L’agglomération de Nantes va aménager le quai de la Fosse dans la 2ème quinzaine d’avril avec des pistes provisoires. La métropole de Grenoble étudie également plusieurs applications sur des grands axes de l’agglomération. Le Havre a lancé une mission sur le sujet.
La Métropole de Lyon annonce la mise en place de tout un programme d’urbanisme tactique pour le vélo et la marche dans la période de post-confinement.
Adrien Lelièvre, journaliste aux Echos a créé un fil Twitter recensant toutes les initiatives internationales dans ce sens et a publié un article sur le sujet, régulièrement mis à jour.
Le gouvernement vient de charger Pierre Serne, président du Club des Villes et Territoires Cyclables pour recenser et accompagner les collectivités dans l’aménagement de pistes provisoires et faire remonter les difficultés rencontrées, notamment sur le plan de la législation.
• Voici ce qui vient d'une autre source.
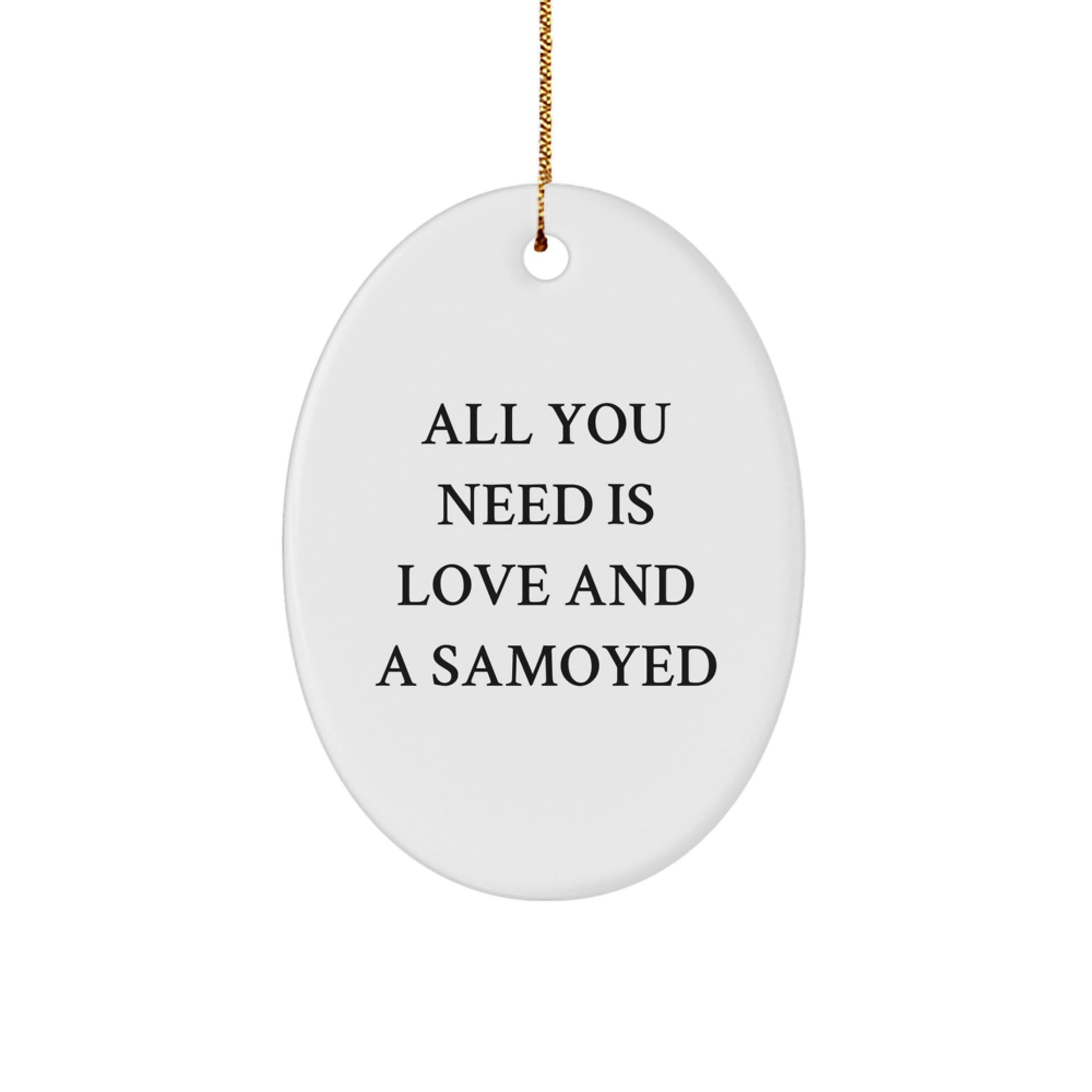 - Make a thoughtful gift for Samoyed Dog lovers with this 'All You Need Is Love And A Samoyed' Oval Ornament. Perfect for decorating your home or office during the holiday season, this beautiful ornament is sure to be a hit. Made from sturdy MDF with a high-gloss plastic finish, it's lightweight and resistant to breaking, making it ideal for households with children or pets.

Thomas Jouannot, expert vélo du CEREMA a déjà réalisé une note de travail en préconisant l’utilisation des règlementations de signalisation de chantier pour réaliser ces pistes. Il vient de publier la fiche « Aménagements cyclables temporaires et confinement : quelles opportunités ? (en accès-libre) afin d’accompagner le déploiement de cette solution dans les collectivités françaises. Une visio-conférence est prévue le 22 avril à l’initiative du CEREMA pour que les collectivités puissent échanger sur le sujet.
Et la marche ?
La marche ne doit pas être en reste, alors que les consignes de distanciation sociale sont inapplicables avec la norme française de largeur des trottoirs (minimum 1m40 hors obstacles). Joggeurs et piétons ont déjà pris le pas en utilisant les chaussées vides lors des croisements. A Paris et en Île-de-France, la marche est même le premier mode de transport de la région avec près de 40 % de part modale selon les premiers résultats de l’Enquête Globale Transports.
Le déconfinement nécessitera des trottoirs élargis, lorsque la largeur ne permet pas de se croiser en respectant 1m de distance sur les grands axes. Les plus petites rues nécessiteront une généralisation des dispositifs type « zone de rencontre » en réduisant drastiquement le trafic de transit et les vitesses permises afin de permettre aux piétons de circuler et se croiser sur la chaussée en toute sécurité.